Ecco, però se dice città ‘smart’ si pensa a una città giovane, piena di bar, di offerte accessibili. Oggi una giornata a Lugano è una spesa importante perfino per i residenti.

Ci hanno penalizzato l’euro debole e il fatto che altre destinazioni siano diventate sempre più competitive – la facilità di andare a Ibiza o alle Canarie porta via il giovane tedesco da Locarno.

Peraltro anche per gli svizzeri, con Alptransit, è sempre più facile fare ‘tutta una tirata’ verso realtà più grandi come Milano (o viceversa Zurigo). E le vicende dell’aeroporto non aiutano.

Quanto ad AlpTransit, ci ha portato meno di quanto ci aspettassimo a livello turistico, nonostante i treni pieni. È chiaro poi che un aeroporto è importante per portare i clienti business, ma non solo loro. Nel caso non si riescano a garantire i collegamenti con Lugano, bisognerebbe allora potenziare molto i trasporti con Malpensa.

App come Airbnb – che permettono di trovare alloggio in case private – potrebbero promuovere accessibilità e competitività?

È un fenomeno che va regolamentato, per assicurarci ad esempio che si versino le tasse di soggiorno. Dopodiché queste soluzioni possono anche introdurre più competitività. Fondamentale è che si tratti di una competizione equa, per un giusto rapporto qualità/prezzo.

Il turismo è un settore dalla molta manodopera, e per essere competitivo pur con margini sempre più ridotti impiega molti frontalieri. È un modello sostenibile per il futuro?

Occorre studiare modelli equilibrati. Per esempio con soluzioni contrattuali che permettano residenze stagionali, prendendo domicilio in regioni svizzere diverse a seconda della stagione, come si sta facendo nei Grigioni. Su questo si dovrebbe costruire di più.

Cosa ‘invidia’ agli altri cantoni?

Alcuni hanno la fortuna di avere attrattive che si vendono da sole, come il Matterhorn e St. Moritz. Poi ci sono modelli di successo specifici, ad esempio quelli di Ginevra e Lucerna per quanto riguarda il turismo dei congressi e del business. Un settore da potenziare, come anche quello delle mountain bike, che richiede migliori mappature e più promozione.

Oggi si parla molto anche di ecosostenibilità. È solo una moda?

Di certo il fatto che se ne parli molto rende necessario anche per noi proporre soluzioni in questo senso. Ma si tratta di un interesse più ampio e pragmatico: il turismo sostenibile contribuisce a preservare il territorio, che è anche il nostro patrimonio principale.

In futuro si paventa l’istituzione di un ‘sustainability manager’.

Il manager per la sostenibilità può anzitutto studiare le soluzioni esistenti, misurare le emissioni di albergatori, ristoratori, traffico.
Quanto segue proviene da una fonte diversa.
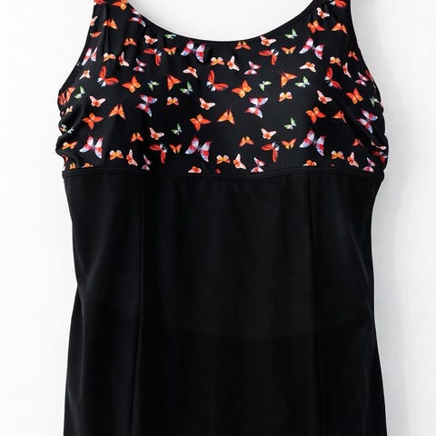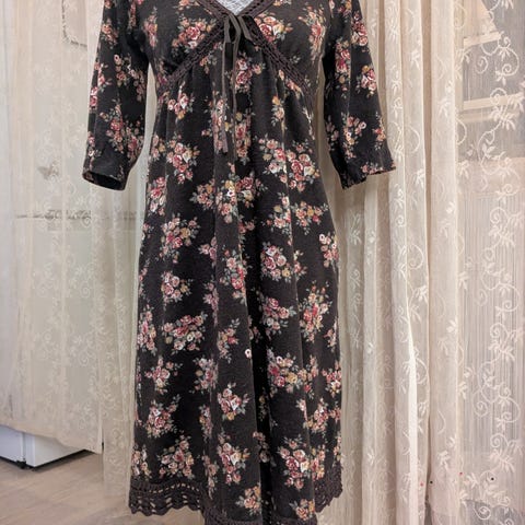 • Svart med blomstrende "volanger" nederst bak og på sidene - samme stoff/mønster øverst på ryggen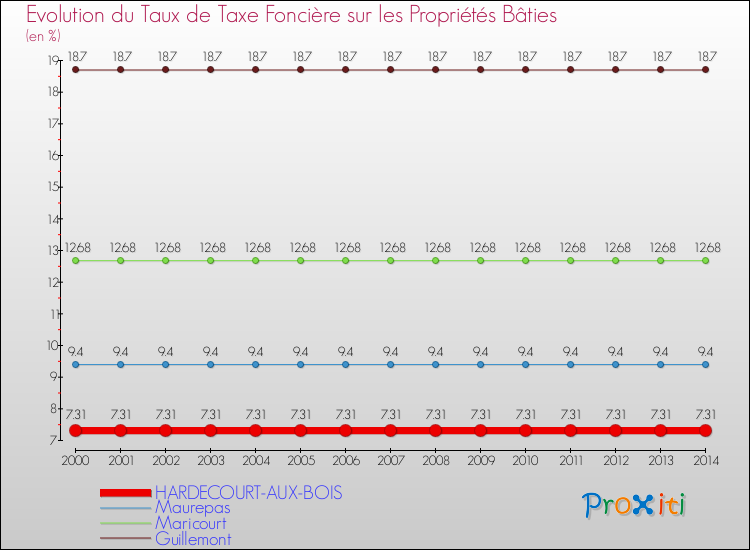 A Hardecourt-aux-Bois, le taux de taxe foncière sur le bâti a donc augmenté de 0 % entre 2000 et 2014.

E di conseguenza elaborare modelli turistici attenti all’ambiente.

State investendo anche sugli strumenti digitali. In che modo?

Anzitutto con DESy (‘Digital Destination Evolution System’, ndr), la piattaforma digitale che ci permette di raccogliere e analizzare sempre più informazioni sui flussi turistici. Voglio lavorare per misurare sempre di più il ritorno generato dai nostri investimenti, ed elaborare soluzioni mirate.

Poi ci sono i famosi influencer che possono fare la (s)fortuna di un territorio sui social, come fu nel caso delle ‘Maldive’ verzaschesi…

Anche in questo caso, parte del budget serve a promuovere la loro attività. Ma anche qui mi interessa poi misurarne meglio gli effetti, che cosa portino effettivamente, per generare un tipo di turismo che risponda ai nostri interessi.